October 10, 2006 09:00 AM Eastern Time
Alea Contracts with Cambridge for Finance and Accounting Services
New Deal Signals Expansion of Capabilities and Services

GREENWICH, Conn.--(BUSINESS WIRE)--Cambridge Integrated Services, the leader in innovative claims and risk management services, announced today that it has entered into a three-year contract with Alea North America, a global specialty insurance and reinsurance company, (London Stock Exchange listing ALEA) to provide finance and accounting (F&A) services, information management, and internal and external reporting services for its insurance and reinsurance businesses. This means that in addition to traditional claims management services, companies can now have their insurance/reinsurance accounting, financial reporting and state filings managed by Cambridge as well. In addition to Cambridge's own onshore and offshore F&A team, the company will assume responsibility for certain Alea employees to ensure continuity on the Alea account.

"We believe this arrangement is both creative and very unique in that it provides a great deal of synergies and 'wins' for both Alea and Cambridge," said Mark Jones, SVP and Head of Alea's US Operations.

Commenting on the expanded services, Wesley O'Brien, President, Cambridge Integrated Services, said, "We are pleased to have been selected by Alea and believe the opportunity to provide F&A services to them and the insurance/reinsurance industry as a whole is a real breakthrough. By applying our business process management approach to finance and accounting, we can offer high quality specialized services to this critical market."

About Cambridge Integrated Services

Headquartered in Greenwich, Connecticut, United States, Cambridge Integrated Services, a subsidiary of Cambridge Solutions Ltd., is one of the largest independently owned property and casualty claims and risk management services providers. Cambridge serves Fortune 500 self-insured employers, insurance carriers and public entities in the U.S., Europe and Australia. Claims services span workers' compensation; general, auto, professional and product liability; as well as property, personal lines and assumed/ceded reinsurance. Cambridge also offers a wide array of specialty risk management services including outcomes management and audit consulting, managed care, special investigations, structured settlements, and subrogation/recovery services. For more information, visit: www.cambridgeworldwide.com.

About Cambridge Solutions Ltd.

Cambridge Solutions Ltd. (HQ: Bangalore, India; USHQ: Greenwich, CT) is a strategic global outsourcing firm with deep expertise in:

IT business consulting, application implementation, software engineering, maintenance and support services
Business process outsourcing (BPO) for insurance, banking and financial services companies; process consulting; transaction processing, finance and accounting back office support; claims and risk management services; inbound and outbound contact centers to support all of these activities; and other processes that require knowledge-based decision making.
The Company employs over 4,000 professionals serving customers on 4 continents through over 80 locations worldwide.

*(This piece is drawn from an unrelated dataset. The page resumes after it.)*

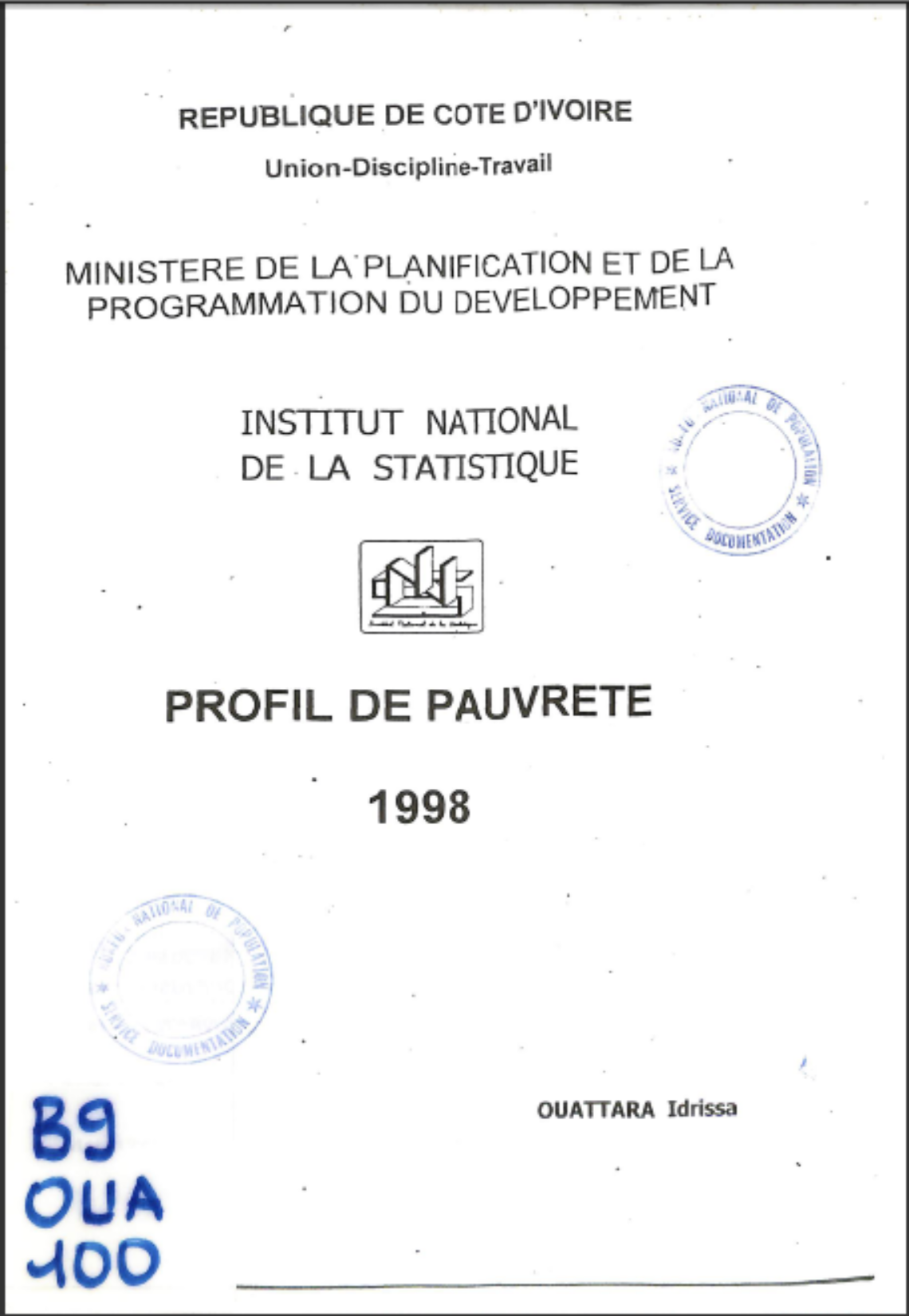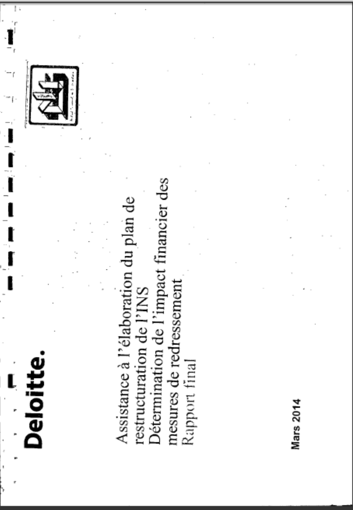 ASSISTANCE A L'ELABORATION DU PLAN DE RESTRUCTURATION DE L'INS DETERMINATION DE L'IMPACT FINANCIER DES MESURES DE REDRESSEMENT

With offices in the USA, Europe, India, Singapore, and Australia, Cambridge serves Fortune 500 firms, insurance and financial services companies, and public entities around the world. The company's BPO subsidiary was named one of the top three performing BPO companies by Global Services media and neoIT in 2006, and was recently ranked as the 28th leading outsourcing company in the world in the International Association of Outsourcing Professionals (IAOP)'s "2006 Global Outsourcing 100" list, that appeared in a special advertising section in Fortune Magazine.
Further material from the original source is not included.